Understanding buyer behaviour
What’s happening on the ground backs this up.
Most of the growth is coming from private buyers and rental channels, not fleets. That suggests people are actively choosing these vehicles, rather than it being driven by policy or one-off deals.
Buyers aren’t thinking in terms of “EV vs petrol”. They’re comparing two SUVs at the same price point. One happens to offer more features and lower running costs.
That changes the decision entirely.
The $35,000 to $55,000 range is where this plays out most clearly. It’s the biggest and most competitive part of the market, and where buyers are most sensitive to value.
When an EV sits alongside a petrol equivalent at the same price, or less, the switch becomes much easier.
What does this mean for the Australian market?
The Australian market is not simply experiencing higher EV penetration. It is undergoing a structural change in who wins the mainstream SUV buyer. Chinese OEMs have entered the market with enough product credibility, shrewd pricing discipline and technology value to break the historic hold of incumbent mass-market brands in the most commercially important segment for the industry. That is why the losses being recorded by Toyota, Mazda and Mitsubishi matter so much.
This is not a fringe EV disruption and is not likely to reverse on its own. Unless incumbents can respond with price-competitive, well-supplied SUV offerings that match the new value equation, the current transfer of share looks less like a temporary cycle and more like a permanent reset.
How this shapes dealer strategy
For dealers, the implications are clear. The threat goes beyond EV specialists and early adopters. It sits in the heart of the mainstream SUV market where margin, volume and retention have traditionally been built. Dealers carrying only incumbent brands will need to:
- improve how they communicate value,
- manage inventory more tightly
- keep pace with how quickly customer expectations are shifting on price, technology and running costs.

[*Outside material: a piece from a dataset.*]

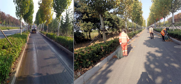持續(xù)加大環(huán)衛(wèi)巡查力度。該分公司制定詳細(xì)預(yù)案,成立落葉期專項(xiàng)工作小組。采取人機(jī)結(jié)合方式,最大化保證清掃效果。加大機(jī)械化清掃力度,按照板橋工業(yè)園區(qū)道路環(huán)境,對(duì)落葉集中路段進(jìn)行重點(diǎn)清掃,巡回收集,確保隨落隨清。合理調(diào)整環(huán)衛(wèi)保潔人員,重點(diǎn)清掃機(jī)械清掃后的停車等障礙死角,適時(shí)延長(zhǎng)人工保潔作業(yè)時(shí)間,加大落地枯死枝撿拾力度,為清掃車作業(yè)清除障礙。
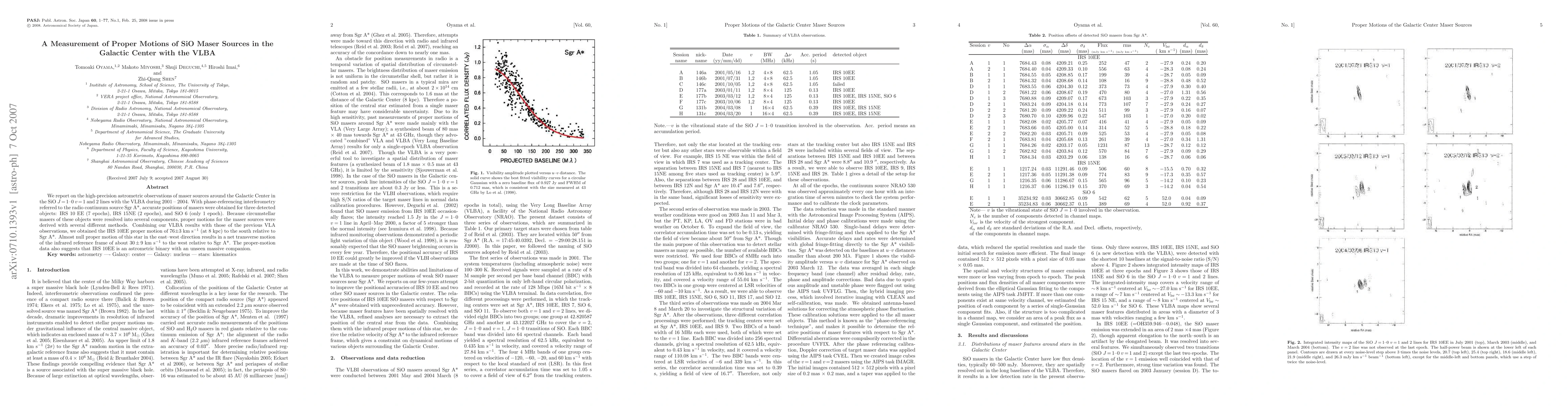 This study reports high-precision astrometric observations of SiO maser sources around the Galactic Center using the VLBA from 2001 to 2004, revealing the proper motion of IRS 10EE at 76±3 km s^{-1} to the south relative to Sgr A*. The data suggests IRS 10EE may be an astrometric binary with a massive unseen companion.

The winners will be dealers that adapt early by aligning inventory, used-car strategy and sales messaging to the new substitution dynamic rather than waiting for the market to revert. If Chinese brands in the $35,000 to $55,000 SUV band continue to be the norm, the question for dealers is no longer whether disruption is coming. It is how much share and gross will be left on the table if they respond too slowly.
The possible impact on incumbent OEMs
For incumbent OEM brands, this is no longer a niche EV challenge that can be managed at the margins. It is a mainstream SUV pricing and product competitiveness issue in their core volume segment. Brands leaning on brand recognition, slow product cycles or unjustified price premiums will keep losing ground. Their response needs to be practical with smarter pricing, stronger SUV offerings, focused hybrid and EV transition strategies and faster execution.